Coagulopathy in the obstetrics range, mainly occurs in severe placental abruption, high pregnancy, intrauterine stillbirth retention, amniotic fluid embolism, etc., due to systemic bleeding disorders, such as thrombocytopenia accounted for 50%, soft birth canal tear About 20%, placental residual or retention accounted for 5% to 10%, coagulation dysfunction caused by postpartum hemorrhage is rare.

Examine

an examination

Related inspection

Blood routine obstetrics B super obstetric examination postpartum examination urine routine

Blood, urine routine.

Learn about infections and anemia.
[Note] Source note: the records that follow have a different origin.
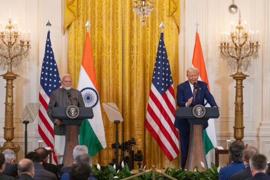 2月13日,美国总统特朗普(右)与到访的印度总理莫迪在华盛顿白宫出席联合记者会。新华社记者胡友松摄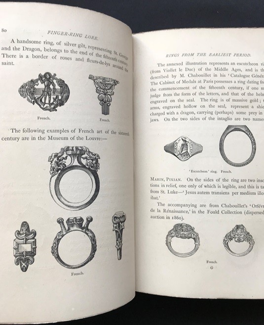 A fascinating study of ring-lore from the earliest period to the Nineteenth Century. Includes sections on superstitions, ecclesiastical, betrothal and wedding rings, token rings, memorial and mortuary, and remarkable rings.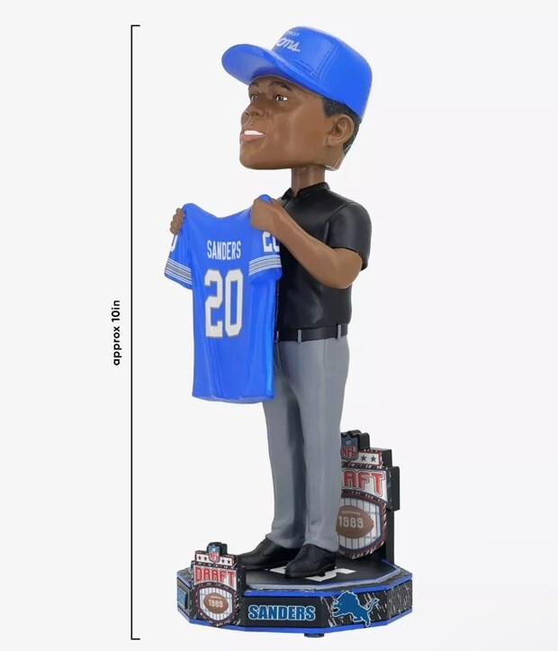 This Barry Sanders Detroit Lions bobblehead is a must-have for any NFL fan! Featuring the iconic draft pick, this collectible is perfect for showing your team spirit. The bobblehead is brand new in its original box, and is officially licensed by the NFL. With a size of 10 inches and dressed in blue, this unisex bobblehead is a great addition to any fan's collection. It is a great gift for any Detroit Lions fan, or for anyone who loves football. The bobblehead is a part of the Foco Near Me program, and will be shipped the same day it is ordered. Add this to your collection today!

Intrauterine secretion culture or smear examination. Check to see if there are any residues in the official cavity, and the healing of the uterine incision. If there is a uterine cavity scraping or removal of the uterus specimens.

Diagnosis

Differential diagnosis

1, soft birth canal injury: mainly depends on the history of childbirth and careful gynecological examination, if there is a hematoma formation, B-ultrasound identification.

2, choriocarcinoma: blood, urine pregnancy immunoassay positive, X-ray chest X-ray and CT examination showed chest and brain metastasis lesions, pathological examination of the dissection can be identified.

3. Mainly differentiated from genital tumor hemorrhage. The bleeding volume exceeds 500ml within 24 hours after delivery, followed by hemorrhagic shock and prone to infection.

The material in this site is intended to be of general informational use and is not intended to constitute medical advice, probable diagnosis, or recommended treatments.